Take 2013’s Shelby County v. Holder decision, which repealed section 5 of the Voting Rights Act of 1965, which had required federal review of proposals for new voting rules in 15 states with a history of discrimination (mostly in the South). In a report by Mother Jones, it was found that one year after it had been repealed, eight of the 15 states had passed “voter restrictions” (e.g., voter ID law, cutting voting hours, purging voter rolls, or ending same-day registration). Just last month, one of these states, (sweet home) Alabama, shut down 31 DMV offices around the state -- chiefly in predominately black counties -- after a voter ID law had gone into effect in 2014.

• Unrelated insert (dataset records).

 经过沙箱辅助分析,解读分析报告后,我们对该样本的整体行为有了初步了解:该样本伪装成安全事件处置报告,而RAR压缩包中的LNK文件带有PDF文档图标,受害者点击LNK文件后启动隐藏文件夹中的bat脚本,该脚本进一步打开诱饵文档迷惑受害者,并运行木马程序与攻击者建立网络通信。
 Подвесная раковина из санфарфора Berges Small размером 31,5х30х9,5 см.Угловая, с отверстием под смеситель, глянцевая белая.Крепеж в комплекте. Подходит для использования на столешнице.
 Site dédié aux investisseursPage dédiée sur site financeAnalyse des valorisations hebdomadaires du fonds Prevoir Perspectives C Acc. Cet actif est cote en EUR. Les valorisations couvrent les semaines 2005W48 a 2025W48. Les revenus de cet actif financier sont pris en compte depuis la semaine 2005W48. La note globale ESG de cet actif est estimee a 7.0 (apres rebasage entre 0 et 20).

As for gerrymandering, the Supreme Court can also be thanked for its continuing presence. “If you don’t like gerrymandering, you should blame the Supreme Court,” writes Millhiser. “In the 2004 case Vieth v. Jubelirer, four conservative justices said that they would forbid federal courts from hearing challenges to partisan gerrymanders, and Justice Anthony Kennedy’s concurring opinion was only slightly less dismissive of these lawsuits. The result is that state lawmakers have been free to draw maps that entrench their party and lock out the other party, even though such maps violate voters’ First Amendment rights.”

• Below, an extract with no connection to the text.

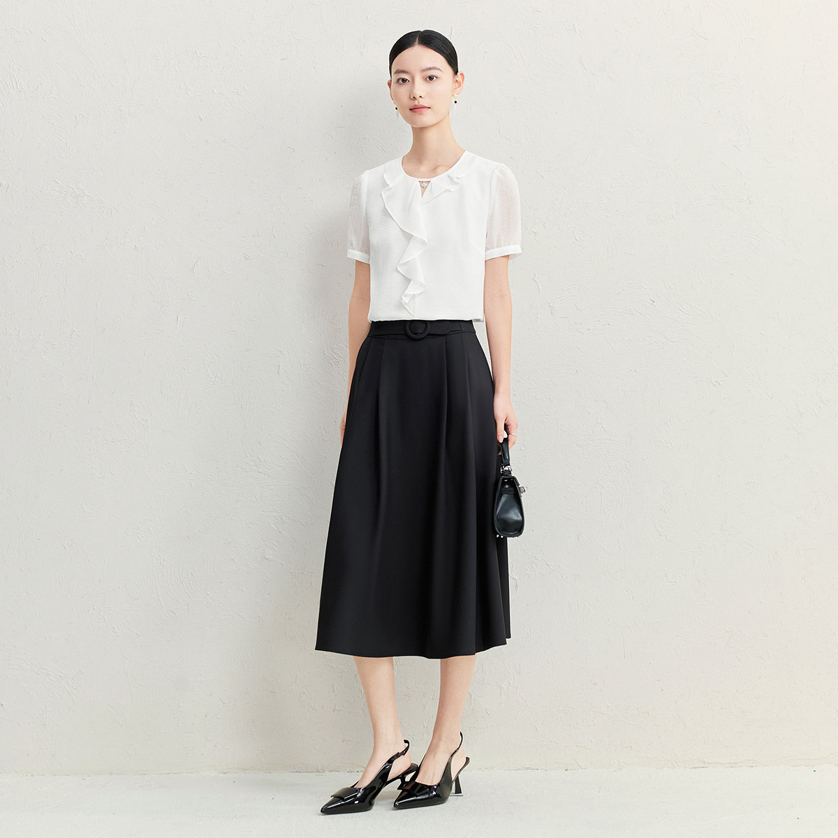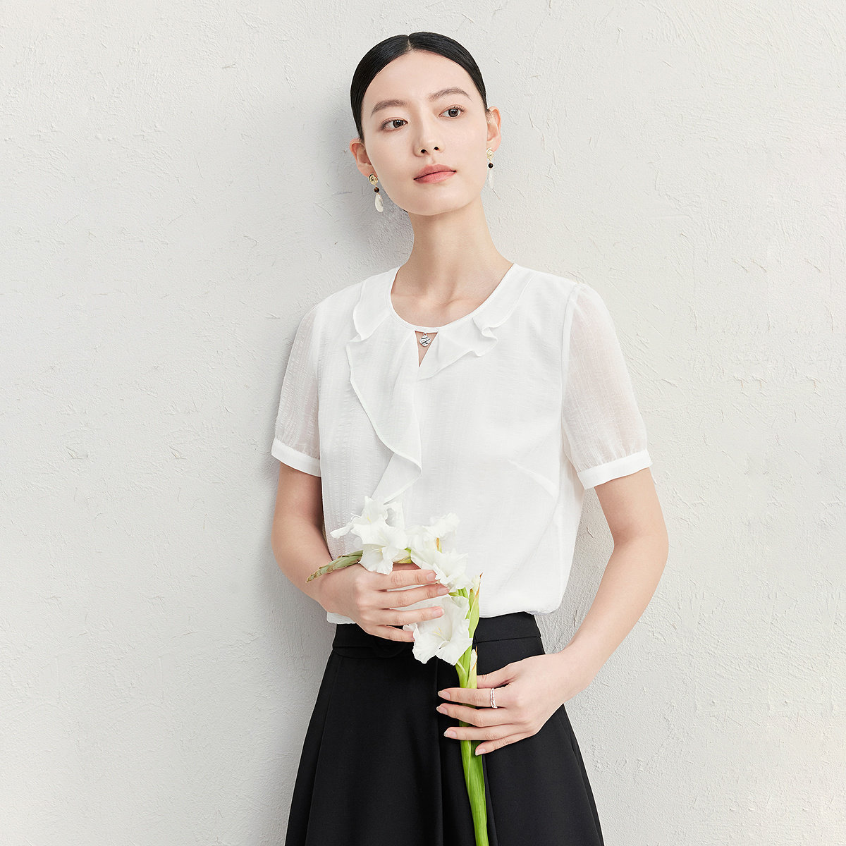 FINITY菲妮迪雪纺衫2026夏季新款简约设计感荷叶边气质短袖上衣女
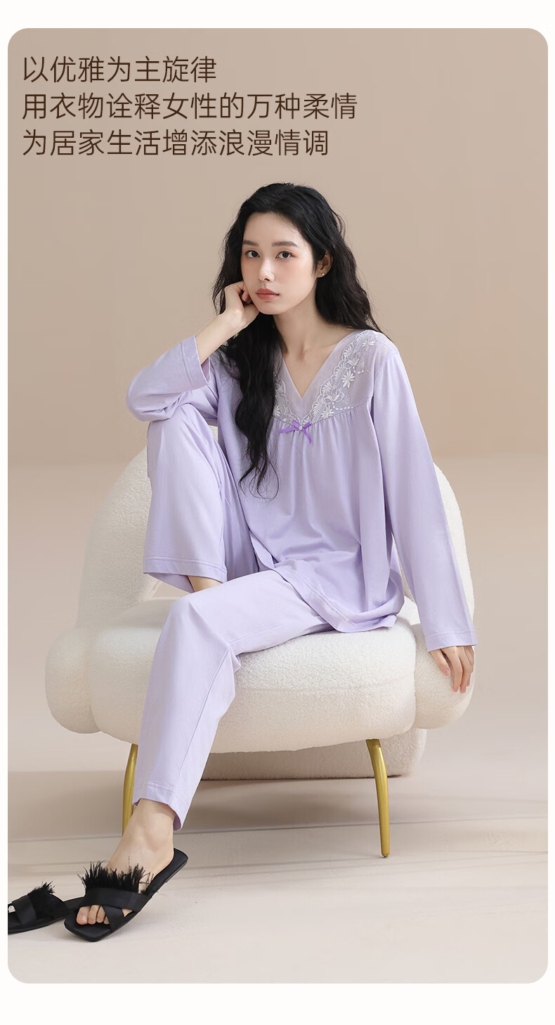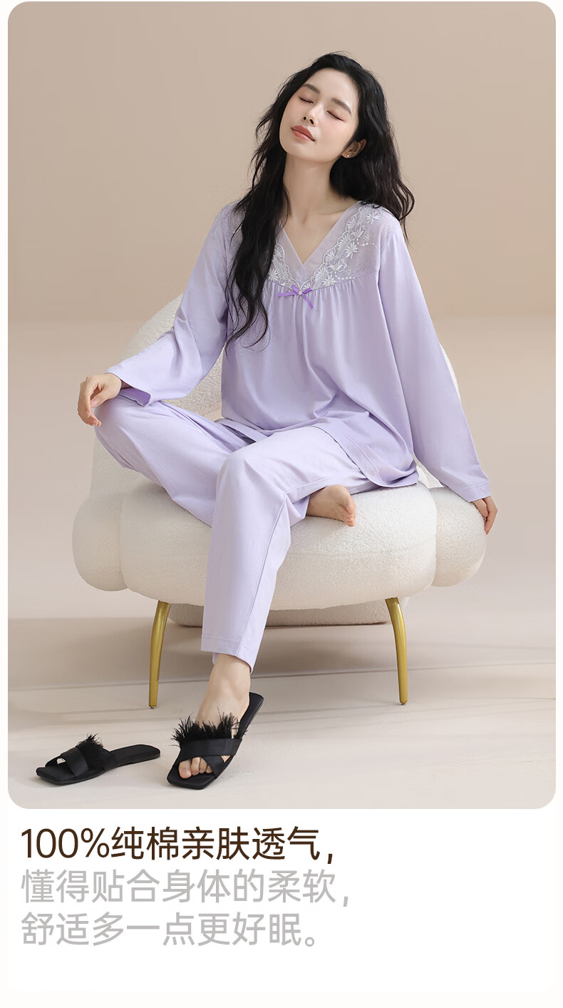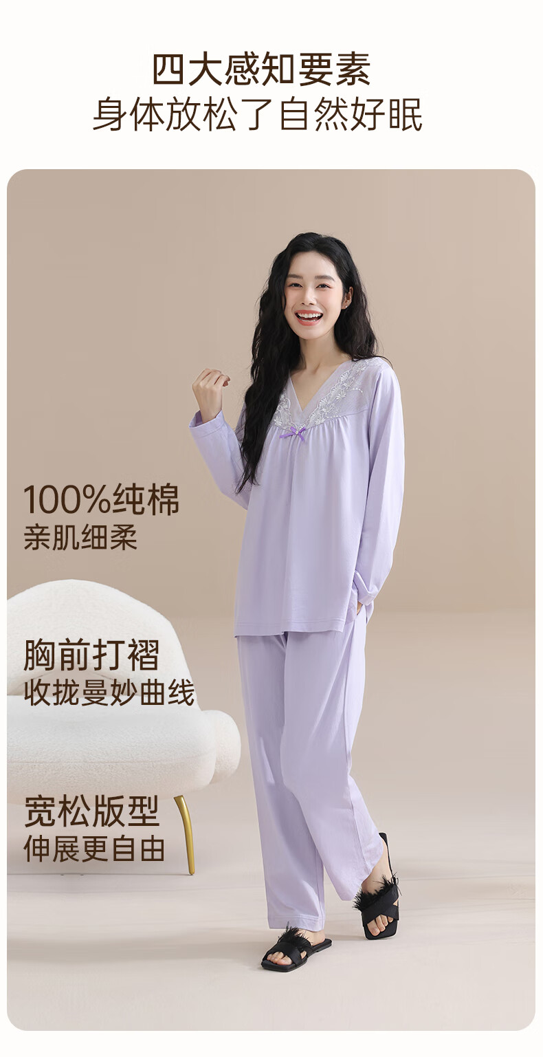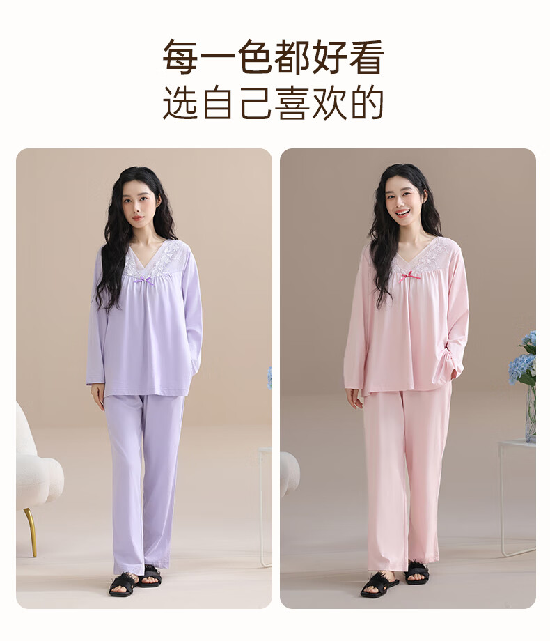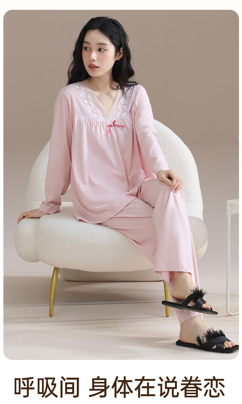 玛伦萨纯棉睡衣女春秋季2025新款可外穿柔软舒适长袖长裤女士家居服 藕粉 M

The Supreme Court has done more than any branch of government to rig the electoral system -- not to mention Citizens United v. FEC, which unlocked the unlimited super PAC spending that we see today. If a Republican is elected president in 2016 and ends up electing two or three justices, these regressive and anti-democratic rulings will continue for some time, and will obviously help the GOP. Even as the demographics shift and the country becomes more progressive, it won’t matter as long as elections are rigged through gerrymandering and voter suppression (and as long as there is a winner-take-all system).

This makes the 2016 presidential election all the more important. Whether Sen. Bernie Sanders, I-Vt., or Hillary Clinton, a Democrat will be needed to restore fair democracy in the United States. Republicans understand that democracy would be disastrous for their party, especially as the country continues to become younger and more diverse, and they will do everything they can to prevent minorities or poor Americans from voting and to rig elections along district lines. It is well known that low voter turnout is a gift for Republicans and a curse for Democrats -- as we saw in 2014 -- and this is just another example of why Republicans don’t want everyone to vote and feel it necessary to rig elections. Whoever does get the Democratic nomination, it will be crucial for progressives and moderates to come together and keep the undemocratic extremists that Republicans have become out of the highest office in America.